灰谷健次郎は少年事件で週間新潮が実名報道したことに抗議して、新潮社から自著の出版権を取り下げた。新潮社が週間新潮だけの会社でない事は誰の眼にも明らかだろうが、同じ出版社から自分の作物を出すのもいやだというのも理解できる。
■著者が自らの著作に自身をもって意義のあるものだと思い、自分のいいたいことをそのまま出してくれるのであれば、総会屋出版社であれ、ゴロツキ出版社であれ、世間に流通させることはいいことだ。昔は吉本隆明さんが、月刊誌「現代の眼」を総会屋の雑誌といって罵倒し、某出版社を印税の払いが遅いといっていた記憶がある。そもそも次々と倒産する弱小出版が多い中で、売れない良書を世に出していくだけでもほとんどボランティアではないか。(といってもそれで生活している多数の人がいることを忘れてはいけませんが)最近ではこぶし出版というのが「資本の論理」を超えてがんばっているらしい。

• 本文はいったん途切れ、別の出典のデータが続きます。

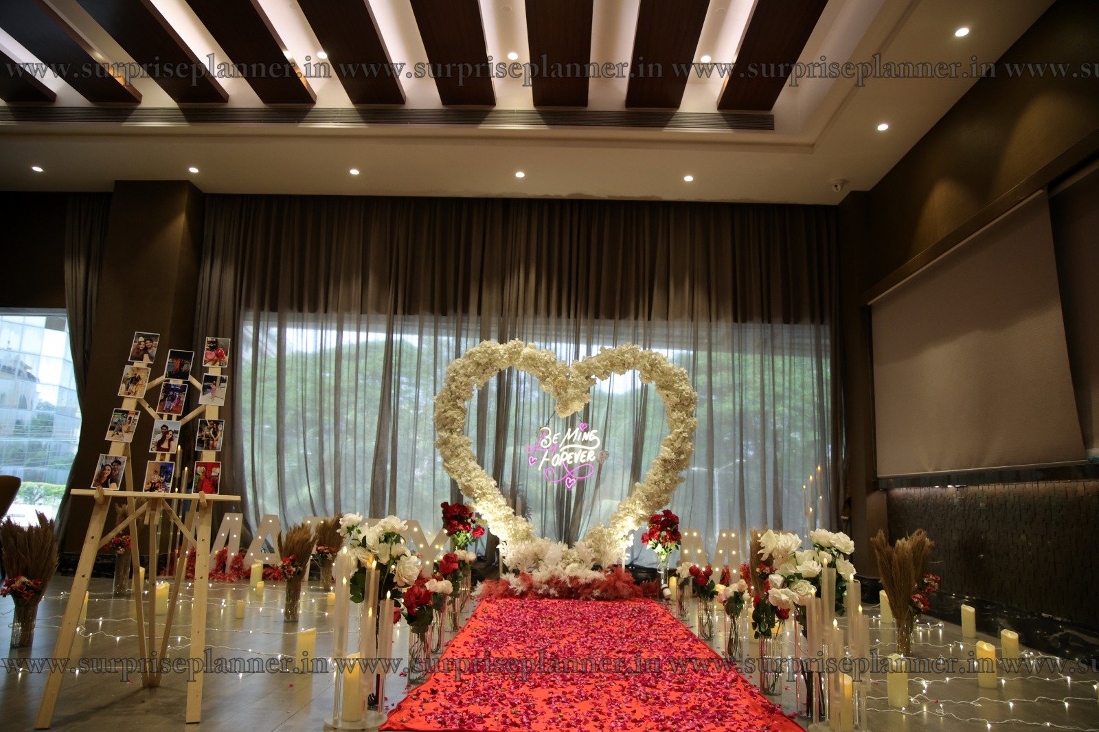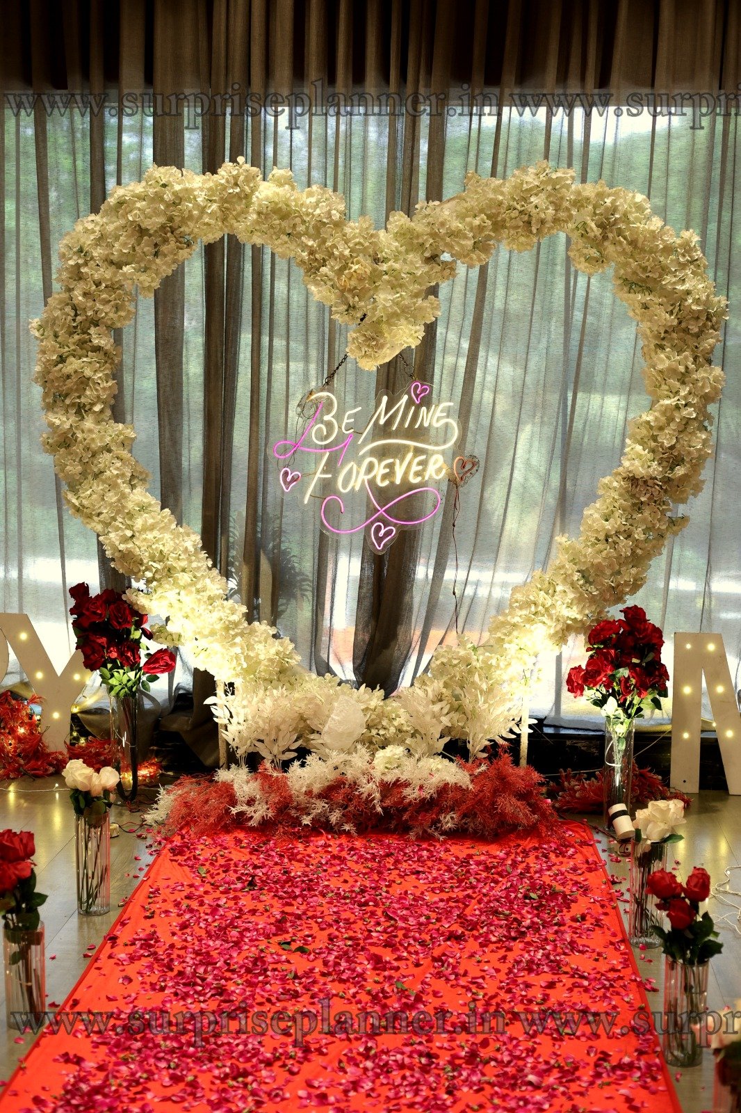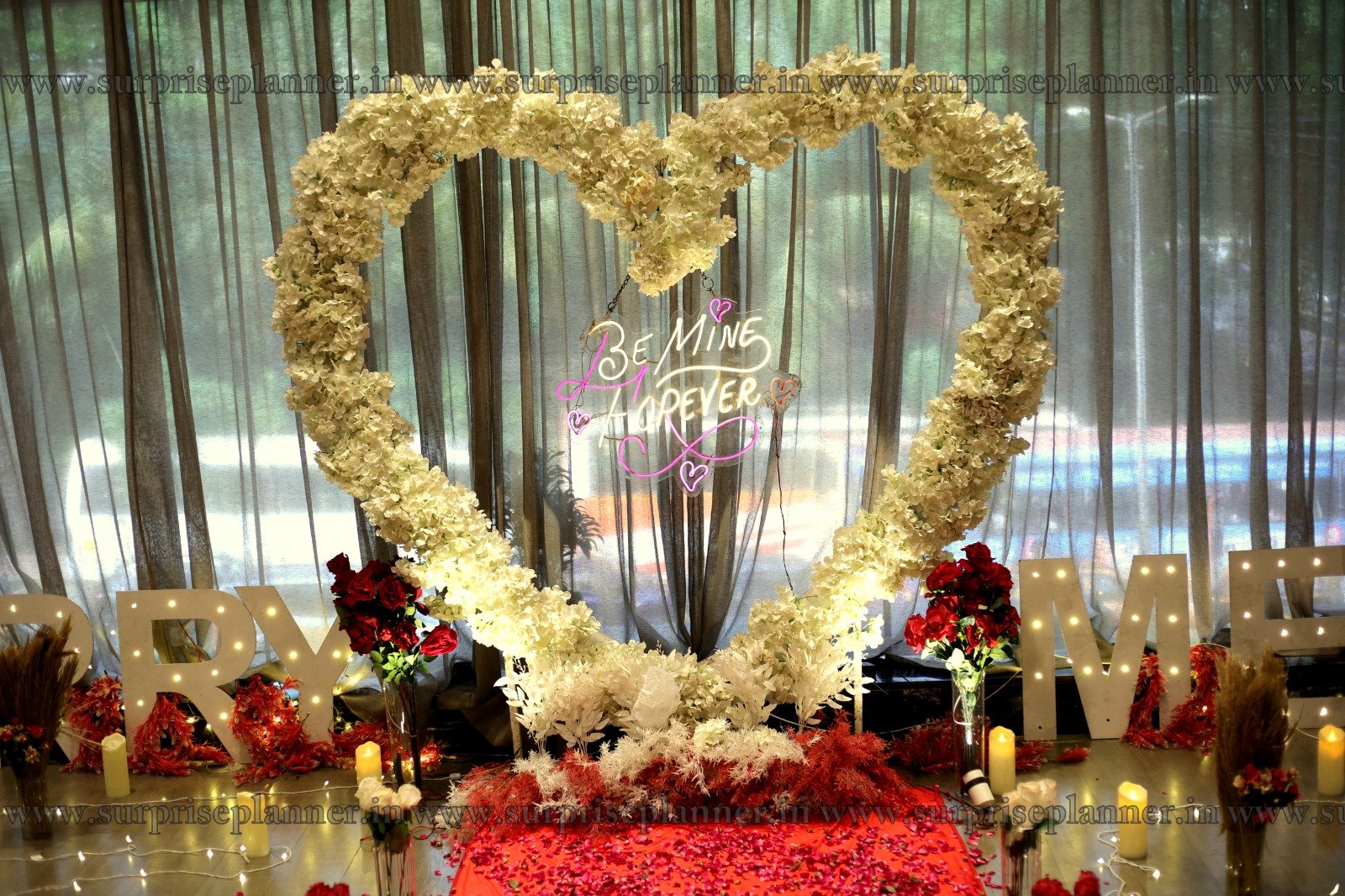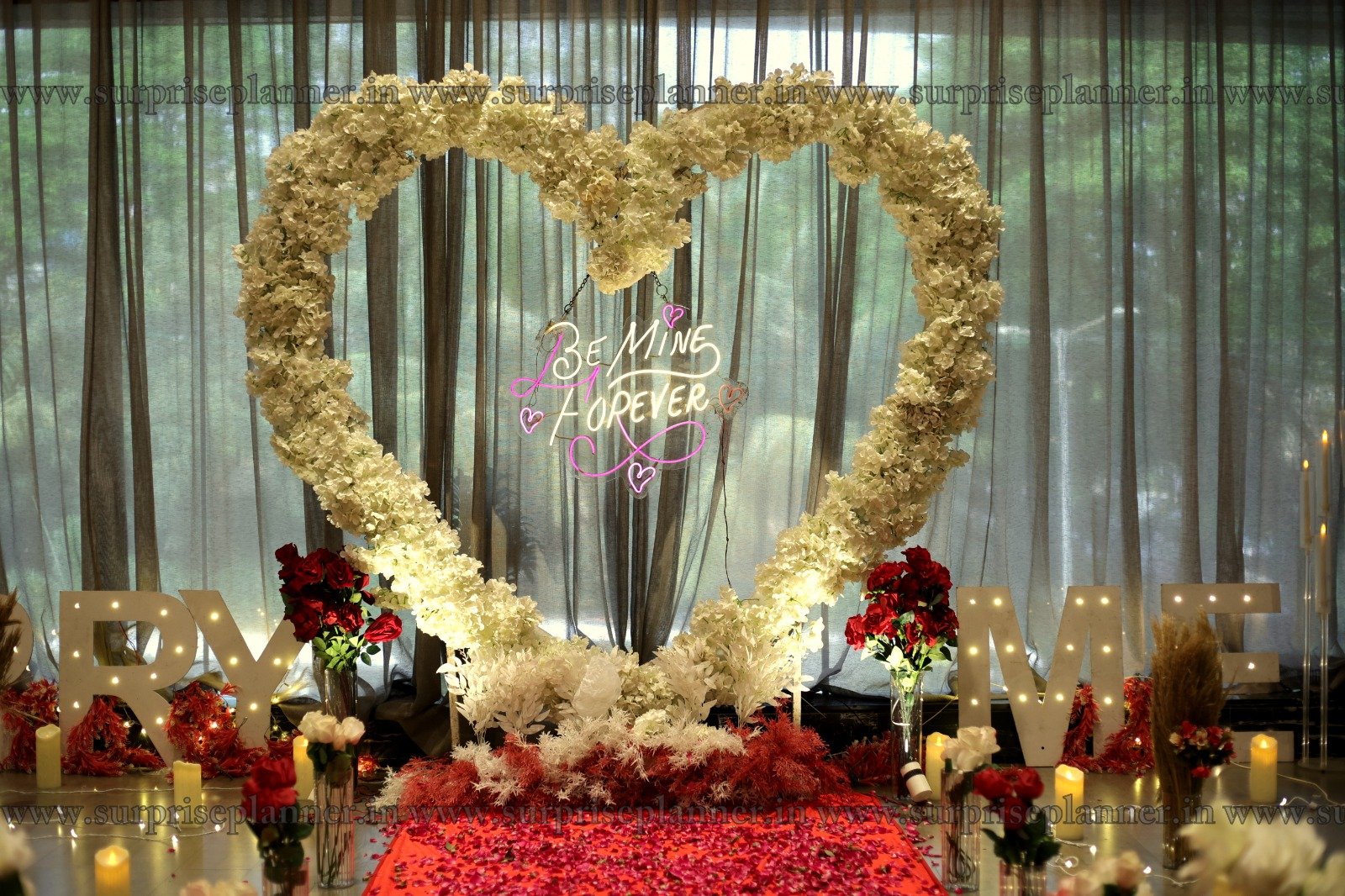 Turn your dream proposal into reality with our “Forever Yours Romantic Indoor Setup” in Mumbai by Surprise Planner. Designed to create a heartfelt and intimate atmosphere, this luxurious setup features a stunning floral heart arch with a glowing “Be Mine Forever” neon sign — the perfect backdrop to ask the most important question of your life.

■小堀先生の岩波から出た鴎外論集成は、岩波が小堀先生の天皇制に対する立場にもかかわらず出版したということは賞賛すべきかと思います。少なくとも読者にとっては赤旗出版社であろうが、創価出版社であろうが、諸君出版社であろうが、しかるべく価格で手にはいるのであれば歓迎します。昔の左翼のように「出版資本と結託して」とか、いう批判はありえませんね。学術出版なんて容易なことではできません。